University Intranets: Let’s Secure Our Internal Knowledge Base from Ourselves #Fail

University Intranets: Let’s Secure Our Internal Knowledge Base from Ourselves #Fail

If a tree falls in the middle of the woods and no one is there to hear it, does it make a sound?  If your work is on an Intranet only accessible by your department, are your efforts being heard and recognized throughout the university?

I believe we should put more of our internal knowledge out in the open, taking our Intranets public. For those of you arguing it can’t be done, I ask, “Why?

Are you worried about secure information? You could set up a granular structure where the topmost-level is public and you use group permissions to determine which pages and folders of your Intranet really do need to be secured.

Are you worried about airing your dirty laundry or showing work that’s not ready for prime-time? When you work in isolation, you miss the opportunity to identify parts of your problems that have already been solved by other departments or institutions.  We fail to collaborate, and our universities pay the price in a myriad of little redundancies.

Are you worried about ceding control to other authors in your Intranet?  Do you feel that if you lock your content in an ivory tower and keep it as canon, it is safe from contamination? If you restrict authorship to your Intranet content and I want access to your information, I may just make my own site.  Now we have redundant copies, versioning issues, and users who don’t know which source to use.  We should be working together to crowdsource our institutional knowledge base in a model where you can review the content I author and benefit from my contributions.
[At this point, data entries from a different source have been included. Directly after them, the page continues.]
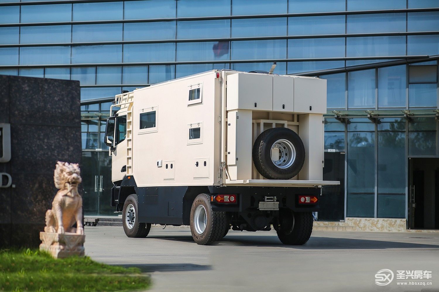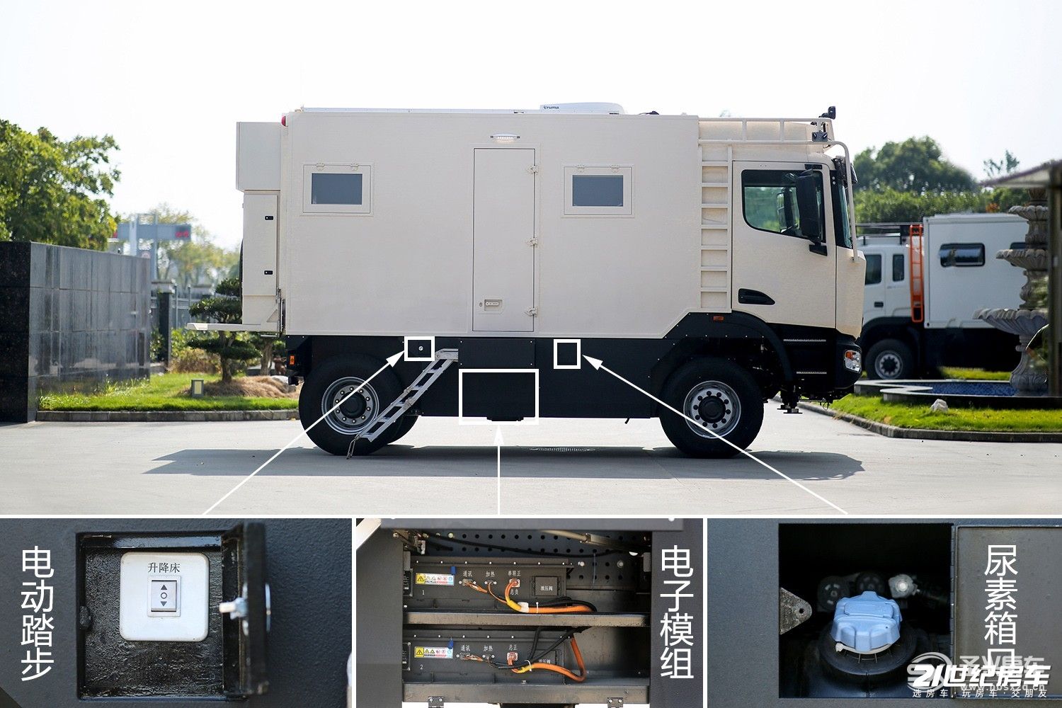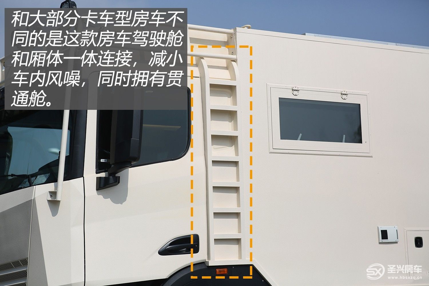 目前我們看到的同類產品,幾乎很少有駕駛室與后方生活區全貫通的設計,太脫拉四驅房車不僅做到了全貫通,而且美觀性方面也可圈可點,我們可以看到駕駛室和廂體之間采用硬連接,接縫處安裝了上車爬梯,硬連接可以非常明顯的降低風噪。如果是半貫通設計,廂體和駕駛室中間則是橡膠圈連接,行駛中的風會全部被擠壓至橡膠圈位置,形成“渦流”,那么傳至車內的風噪聲以及混雜的發動機聲音會非常難受。
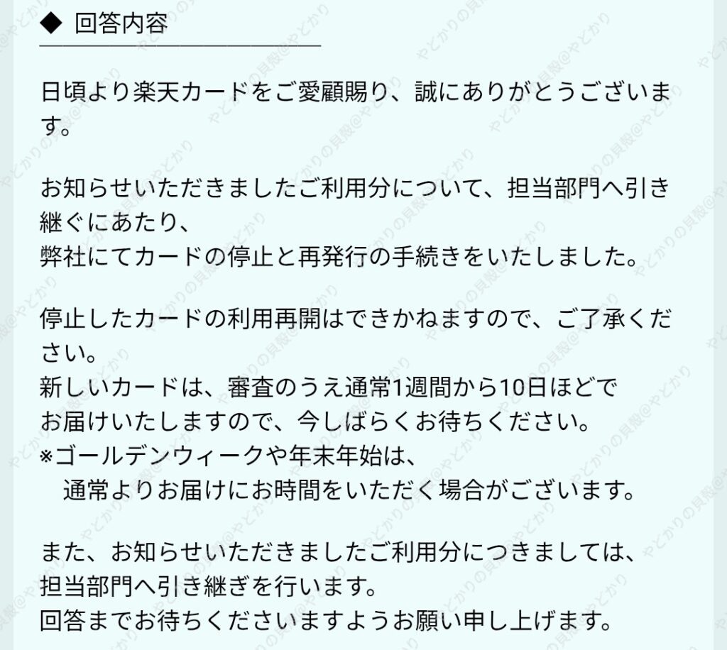 「お知らせいただきましたご利用分について、担当部門へ引き継ぐにあたり、弊社にてカードの停止と再発行の手続きをいたしました。」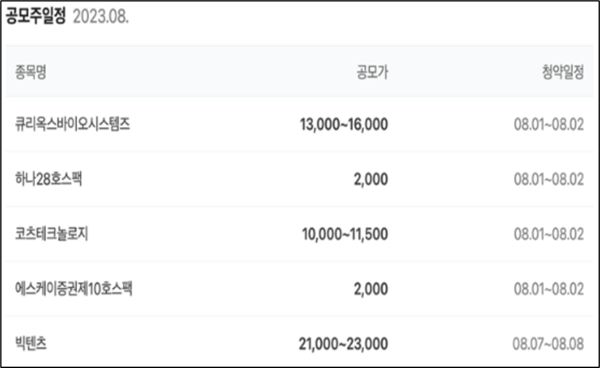 이어서 2023년 8월 공모주 일정을 더 살펴보도록 하겠습니다.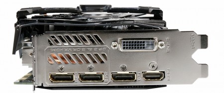 バスインターフェイスはPCI-Express3.0(x16)、出力インターフェイスはリア部にDVI-D×1、DisplayPort1.4×3、HDMI2.0×1を備え、内部にはVR出力用のHDMI×2を搭載する。補助電源コネクタは8+6pin。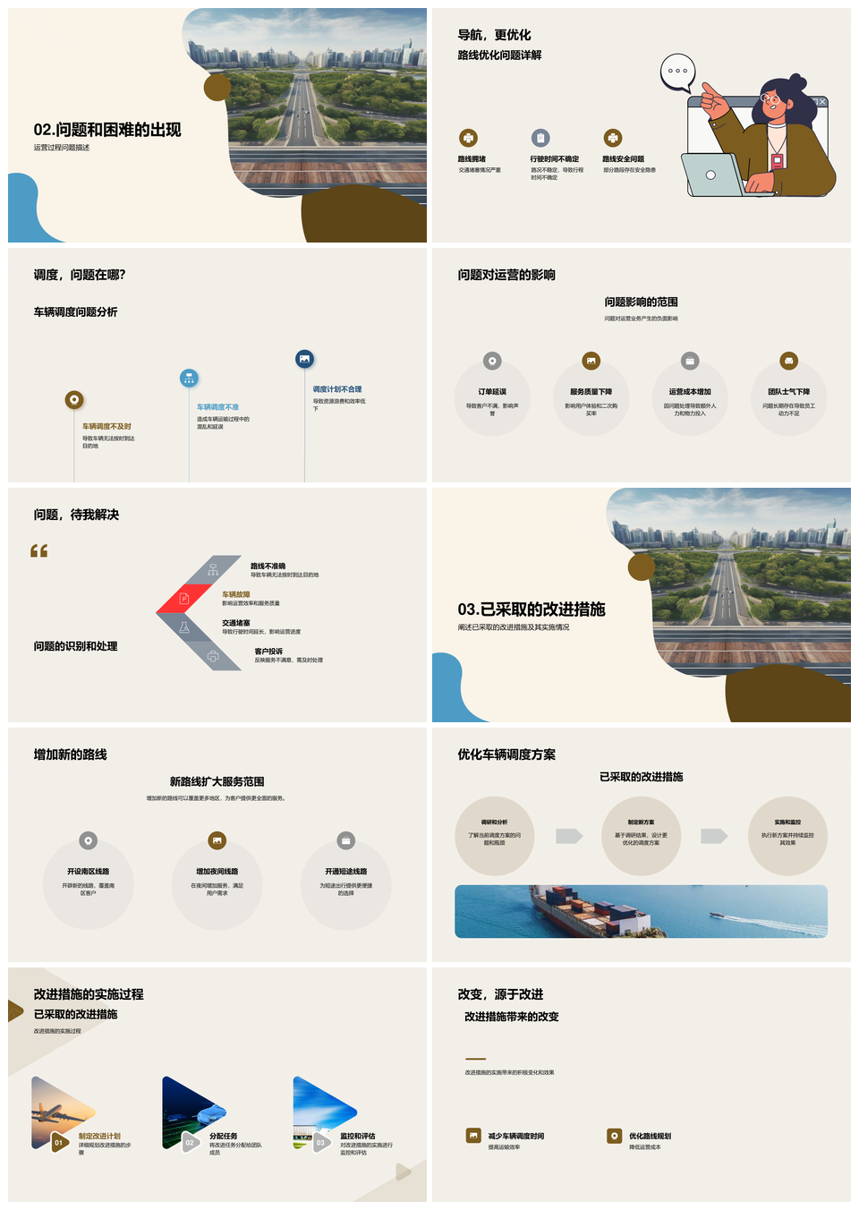 这是一张城市交通车辆调度路线优化与运营改进策略PPT模板,包含城市交通、车辆调度、路线优化、运营改进、策略等主题内容,也可用作城市交通车辆调度路线优化运营改进策略、城市交通车辆调度路线优化、交通车辆调度路线优化运营、车辆调度路线优化运营改进、调度路线优化运营改进策略、路线优化运营改进策略、优化运营改进策略、城市交通车辆调度路线、交通车辆调度路线优化、车辆调度路线优化运营、调度路线优化运营改进、路线优化运营改进策略、交通车辆调度路线优化运营改进策略、运营改进策略、车辆调度路线优化等PPT场景使用。 风云办公提供的城市交通车辆调度路线优化与运营改进策略PPT模板,下载格式为pptx,一共28页,作品中文字及图均可以修改和编辑,图片更改请在作品中右键图片并更换,文字修改请直接点击文字进行修改。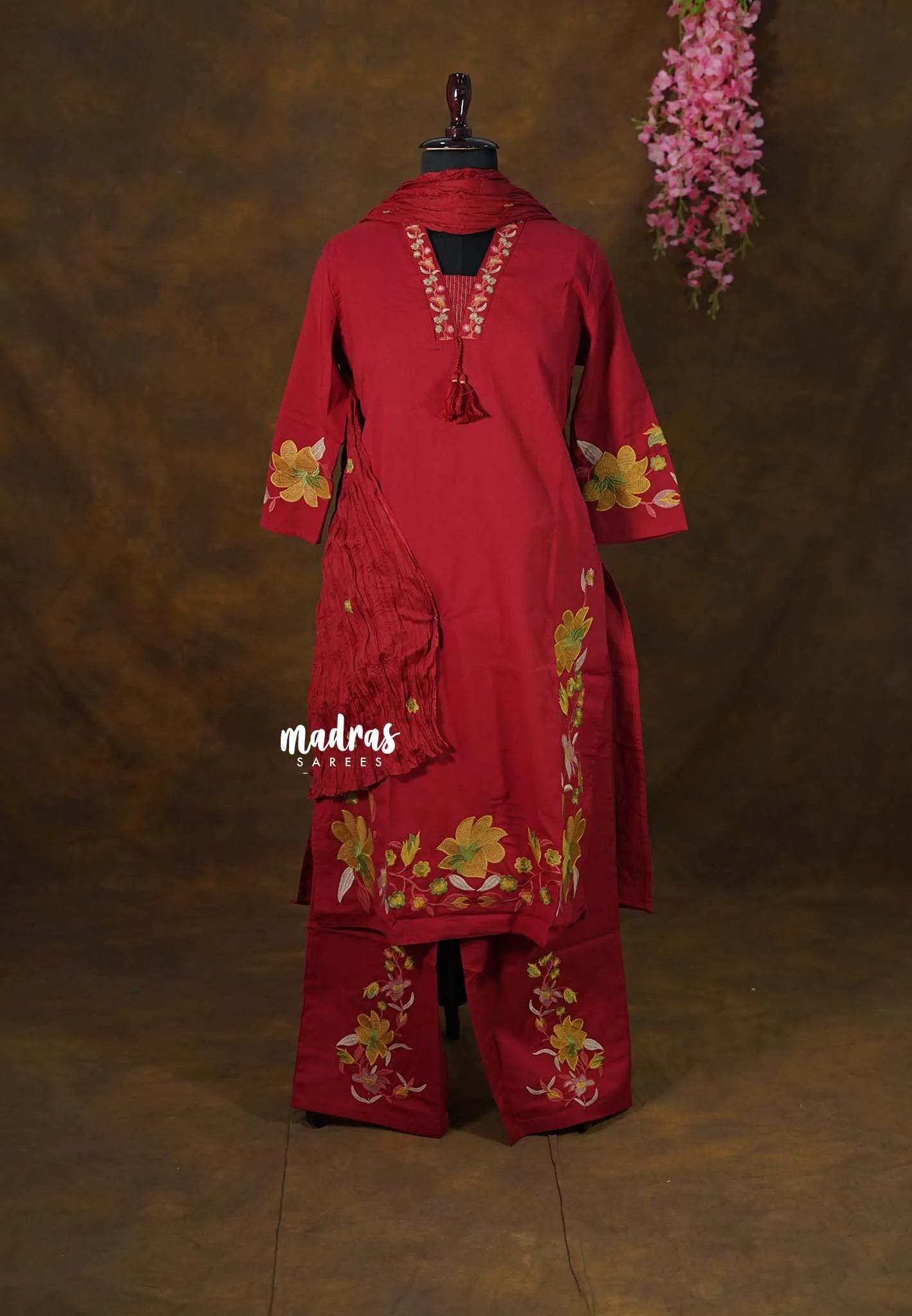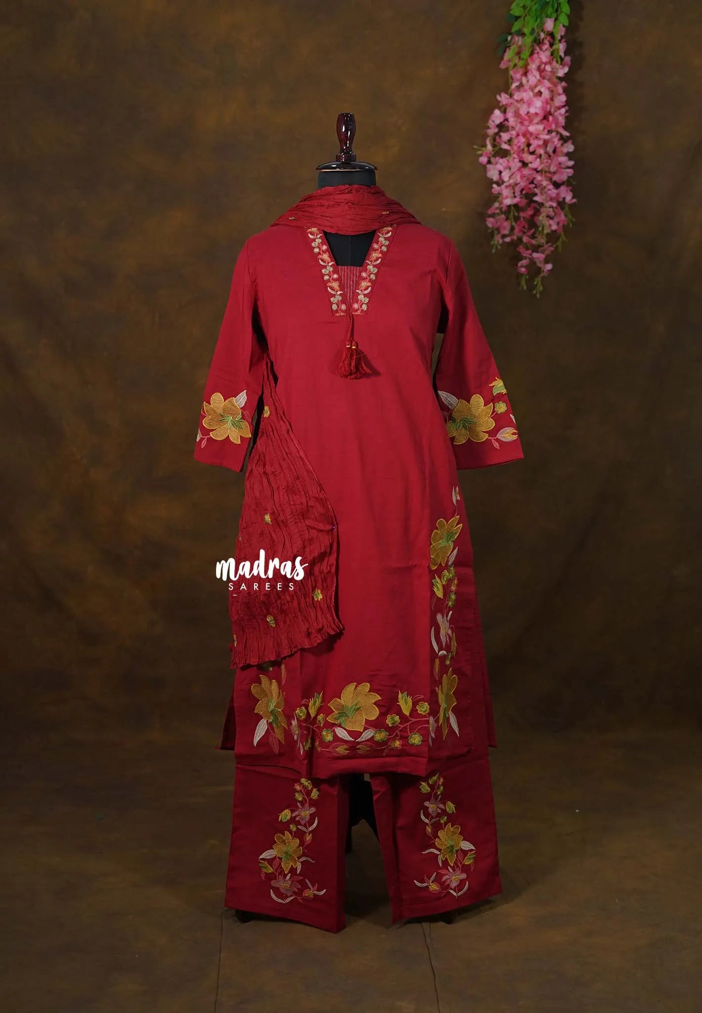 The rich red base is beautifully enhanced with elegant floral embroidery on the sleeves, hemline, and bottom, adding a refined handcrafted appeal. The subtle neckline detailing with tassel accents brings a delicate traditional touch, while the coordinated dupatta completes the look gracefully.

I bet there are some really good Intranets out there and some great work being done on them, but since the rest of the world—or at least the rest of the academic institution—can’t see them, we may never know.  If you enjoy being an unsung hero in a thankless job and keeping your information to yourself, just hide it all on your local machine and be done with it. But if you’d rather get recognition for your work, break down barriers, share resources, and work efficiently in tough economic times when we’re being told to do so, then fight the status quo like hell to join the ranks of the Intranets and internal knowledge bases that I do know and go public!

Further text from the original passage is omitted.